Both approaches can reason logically on the basis of their respective fundamental assumption (ie, axiom), but the difference between them is that objectivity is consistent, ie, without contradictions, whereas subjectivity is inconsistent, ie, ending in paradox, as Russell’s paradox (published in 1901) revealed.
This fact means that the longest we can reach with a discussion is to be consistent, and that consistency inevitably leads us into some orthogonal carousel around an interface middle, wherein one extreme attaches to another extreme. The only alternative is to end in paradox, as cladistics and particle physics do, which, of course, can’t be real. (If it had been real, then everything would have been possible, eg, I could have eaten a cake and kept it at the same time, and there would not have been any “natural laws”.)
This orthogonal carousel has mathematics already found by its axiomatic set theory. It means that it can derive the whole of mathematics from logic. This (ie, mathematics) is thus the longest we can reach with a discussion about something, that is, to a consistent system for such discussions. We can thus find out how we must discuss something, but neither any particular nor any general solution of any particular discussion.
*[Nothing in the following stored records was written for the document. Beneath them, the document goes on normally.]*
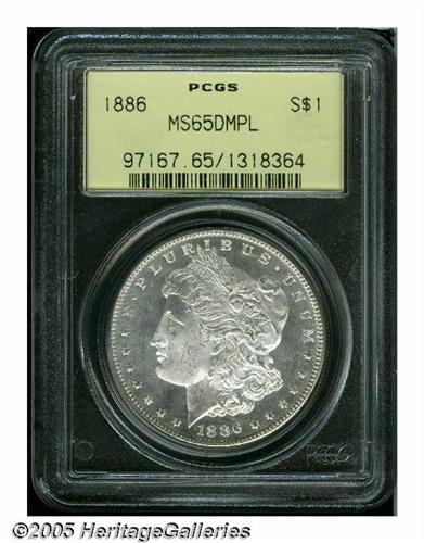 <B>1886<S$1> MS65 Deep Mirror Prooflike PCGS.</B></I> A prominently mirrored Gem, nicely struck and carefully preserved. A common date overall, but scarce as a DMPL in this lofty grade. Encapsulated in a prior generation holder.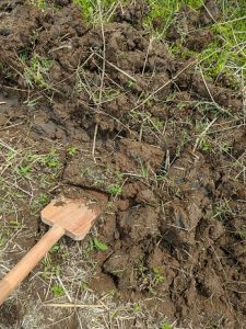 話は戻りますが、復原した木製の鍬でも試してみました。木製の鍬は鋤に比べて掘り下げる深さは浅く、5cm程度でした。1辺ほど掘ってみたところ、作業時間は鋤とそれほど変わりありませんでした。ただ個人的には、重量があるため鋤に比べて大変でした。残りについては、剣先スコップを使って掘ってみたところ、30分ほど(およそ3分の1の時間)で終わってしまいました。鉄の力って偉大だなぁ…、と改めて鉄のすごさを感じました。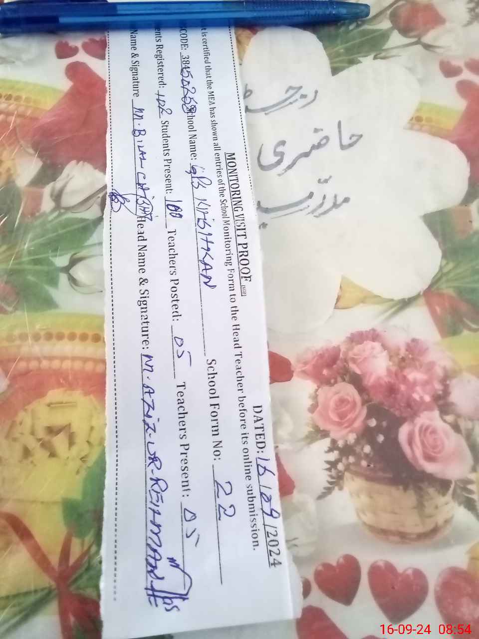 | EMIS Code: 38450258 | Name of School: GPS KHISHKAN | |||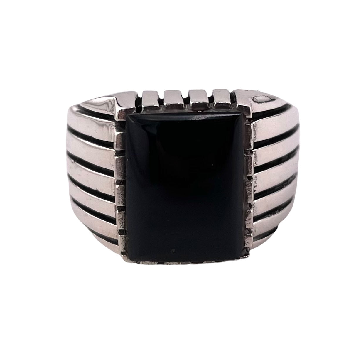 Black Onyx Stone Ring Sterling Silver. This ring measures 16mm length, at the longest point and is available in sizes 8-12.

The target of discussions thus eludes us by that the two entrances to discussion excludes a target, instead only offering us a scheme for a consistent discussion, which sends us to an interface which bounces us back into discussion from an extreme into another extreme. Discussion is thus endless by returning into itself in all directions, except the inconsistent exits into paradoxes, like “the true tree of life” of cladistics and “Higgs particle” of particle physics.
Discussion can thus never lead us to a true description of anything, except a true description how we must discuss something. Words can’t reach deeper than to an understanding of how they can be used. The mystery of what something “reslly is” is thus beyond our reach.